Manish Shah is the former president of Midwest Law Printing in Chicago. He also worked at Intel, PwC and Motorola. He has an MBA from Kellogg Graduate School of Management, and a MS in Computer Science from Illinois Institute of Technology. He can be reached at manishshahus@yahoo.com.

By Manish Shah
Clayton Christensen, a Harvard Business School professor, is a leading authority on innovation, a successful entrepreneur and a church leader. In his recent commencement address, he shed light on how we can use business theories to guide our life. 
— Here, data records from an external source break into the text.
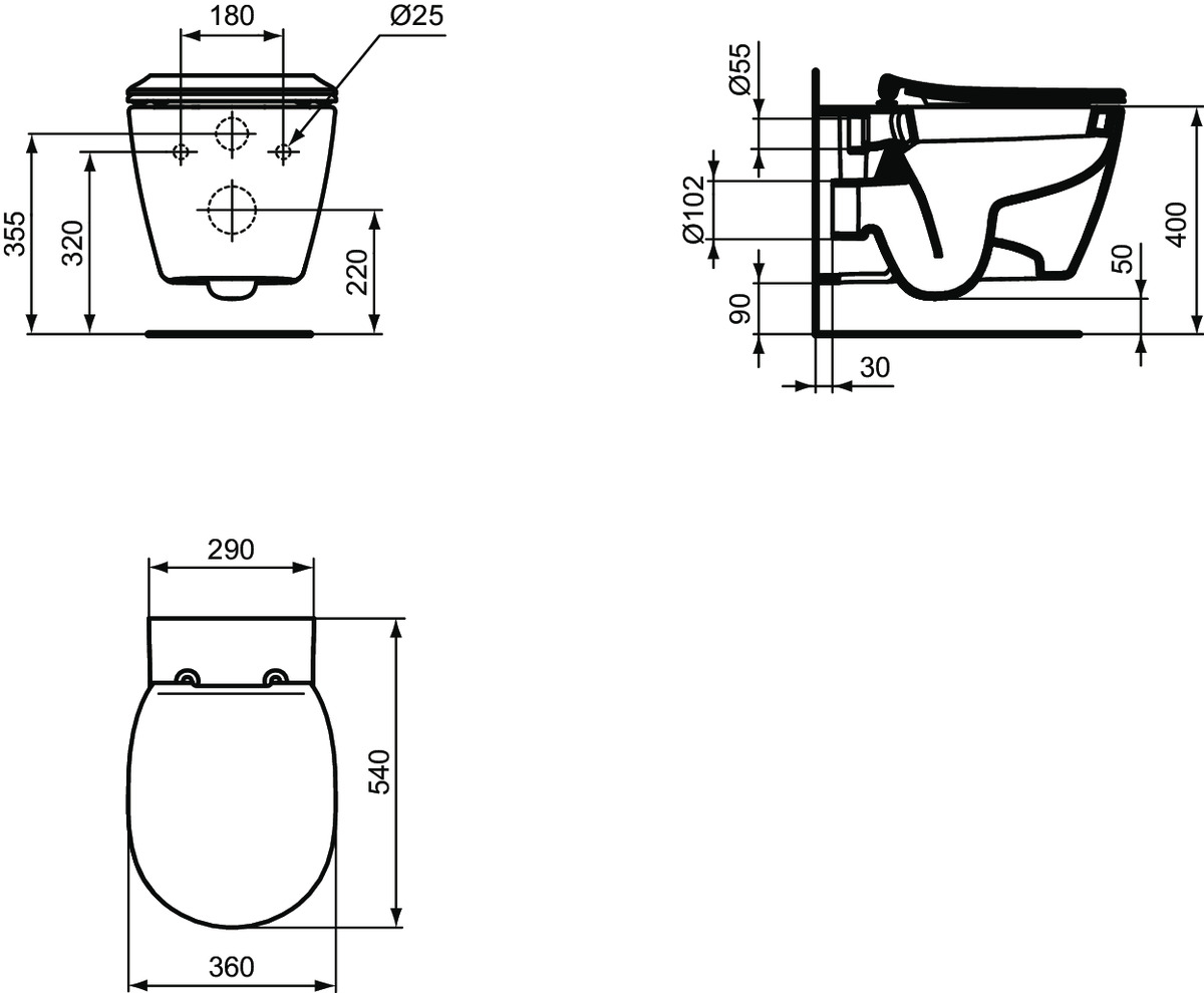 Vas wc suspendat Ideal Standard Connect 54x36 cm, prinderi ascunseCu fixare complet ascunsa Spalare verticala, scurgere orizontala Include set de fixare TT0299327 pentru o fixare complet ascunsa - fara gauri lateraleEchipare necesara - Capac vas WC SUBTIRE cu balamale metalice, duroplast E772301- Capac vas WC SUBTIRE, inchidere lenta cu balamale usor de detasat, duroplast E772401 - Capac vas WC cu balamale metalice, duroplast E712801 - Capac vas WC, inchidere lenta cu balamale usor de detasat, duroplast E712701
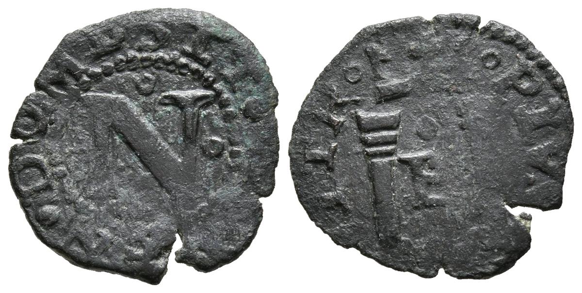 CARLOS I (1516-1556). horned. (See. 0.97g/17mm). Pamplona. (Cal-2019-43). Very Fine.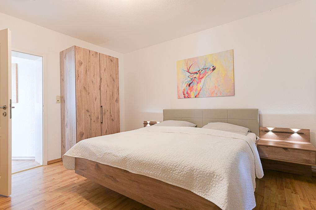 Im Erdgeschoß mit großer sonniger Südterrasse befindet sich diese Wohnung mit 3 Schlafräumen für 6 Personen. 2 x Ehebetten sowie im 3. Schlafraum 2 Einzelbetten bieten auch 4 Erwachsenen und 2 Kindern Platz.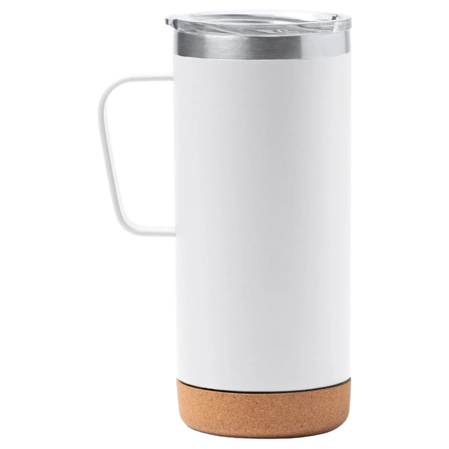 BEYRON är en dubbelväggig mugg i återvunnet rostfritt stål med korkbas och genomskinligt säkerhetslock. Kapaciteten är 600 ml, lämplig för olika vardagliga användningar.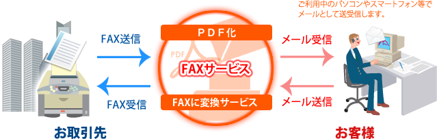 貴社専用の番号でFAXを送受信するサービスです。FAX機は不要でお使いのメールを使用しFAXの送受信を行います。
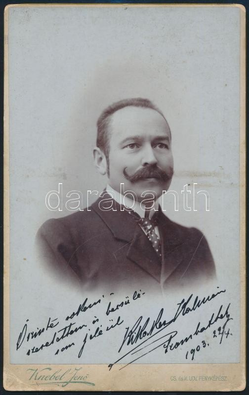 1903 Azonosítatlan férfi portréja, keményhátú fotó Knebel Jenő szombathelyi műterméből, üdvözlő sorokkal és aláírással, 21,5×13 cm
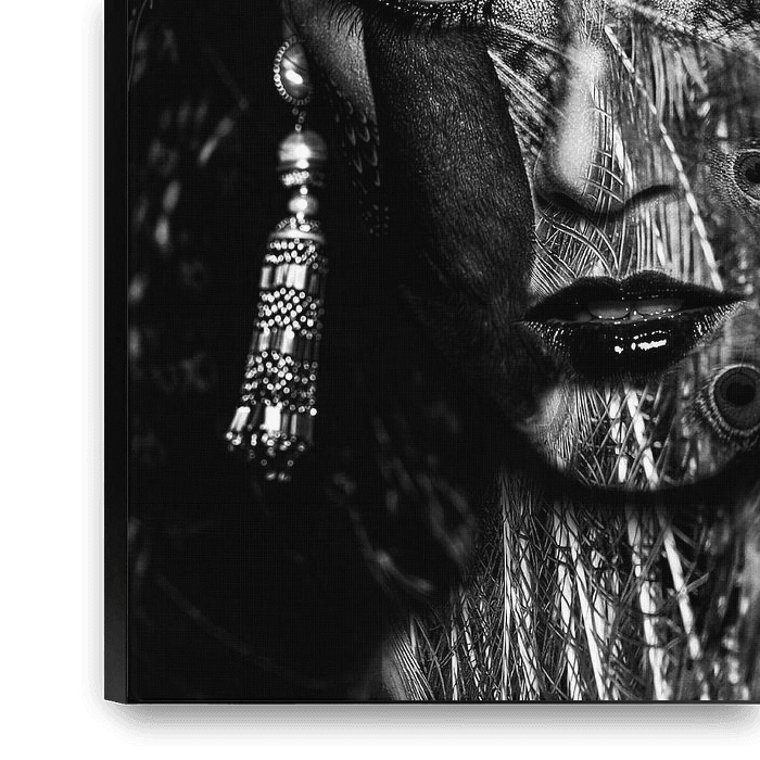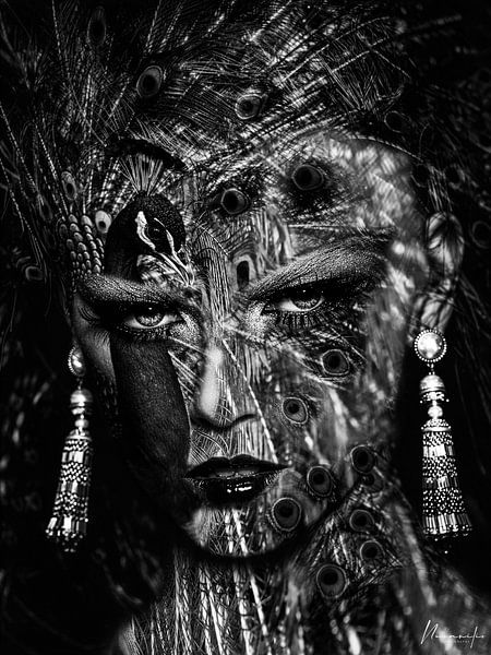 Bestelle das digitale Kunst Bild Augen des Pfaus – (Schwarz-Weiß) von Nevanilio Sancho als Reproduktion auf Leinwand, Alu-Dibond, als Poster, Fototapete oder Acrylglasbild.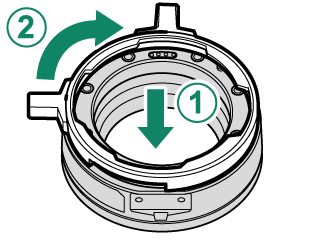 Attach the bayonet ring to the PL-mount adapter (A) and rotate it clockwise until it stops (B).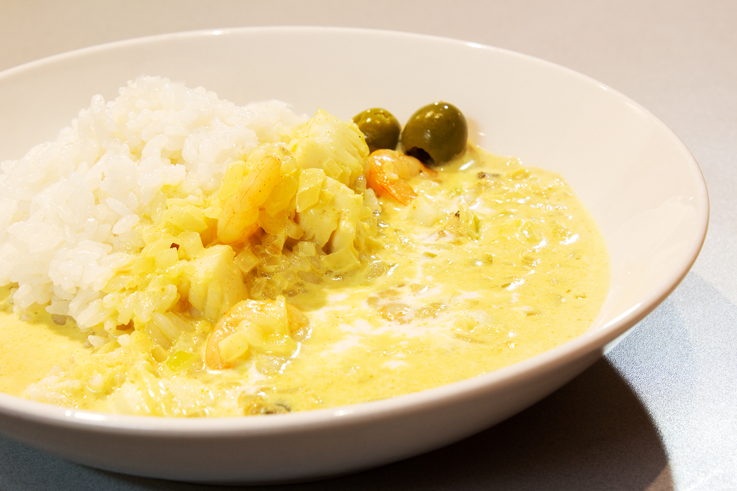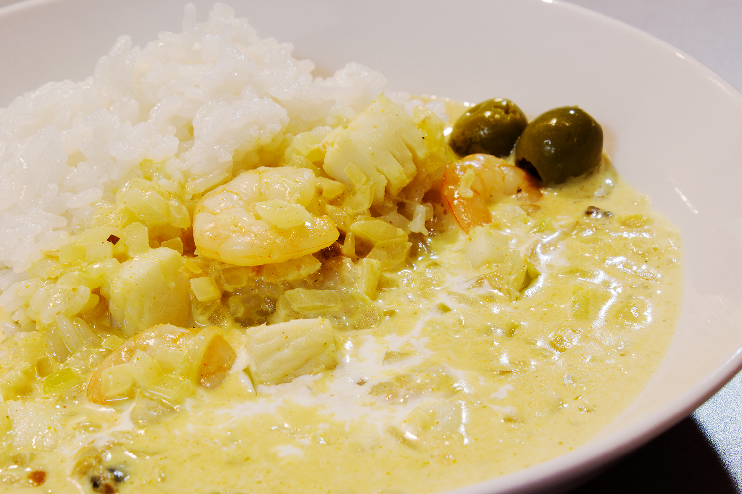 パスタにも使えるソースです。きょうはご飯を炊く日だったので、カレーライスにしました。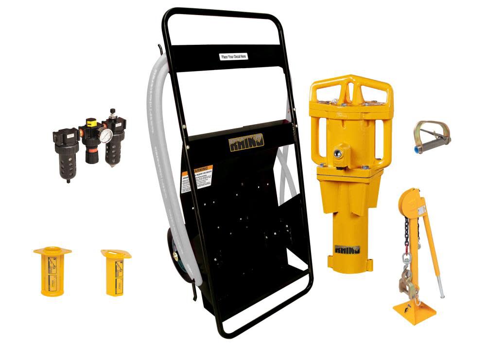 - Kit includes transport cart, MP-3 post puller, PD-110 Post Driver w/4-14" Chuck, 2-1/2" chuck adapter, 2" chuck adapter, 3 to 4 lb channel post chuck, throttle valve, and filter regulator lubricator.

Success in business as well as in life depends on how well the strategy is defined and implemented. “For me,” Christensen affirmed, “having a clear purpose in my life has been essential.” When Christensen was a Rhodes Scholar, he was in a demanding academic program. Despite that, he spent one hour every night reading, thinking and praying about his life’s purpose. Christensen added that if he had spent “that hour each day learning the latest techniques for mastering the problems of autocorrelation in regression analysis,” he would have misspent this time. The tools learned in class can only be applied few times a year, but the knowledge of the purpose of life can be applied every day. 

Business disasters are caused by managers, who fail to judiciously allocate resources. Similarly in life, we often fail because we overinvest in our careers and underinvest in our families. We try to seek temporary happiness but ignore the source of lasting bliss-our families.

Finance and economics teach us that while evaluating alternatives we should ignore fixed and sunk costs and make decisions based on the marginal costs. When we are lured into doing something wrong for just that “one time,” we  fall prey to the lure of marginal cost. If we cross this line once, we will cross this line over and over again and self-destruct. Therefore, Christensen says that it is easier to hold on to our principles 100 percent of the time than it is to hold them 98 percent of the time.

Christensen articulated the yardstick by which we can measure our success in life. “Don’t worry about the level of individual prominence you have achieved,” he said, “worry about the individuals you have helped become better people…Think about the metric by which your life will be judged, and make a resolution to live every day so that in the end, your life will be judged a success.”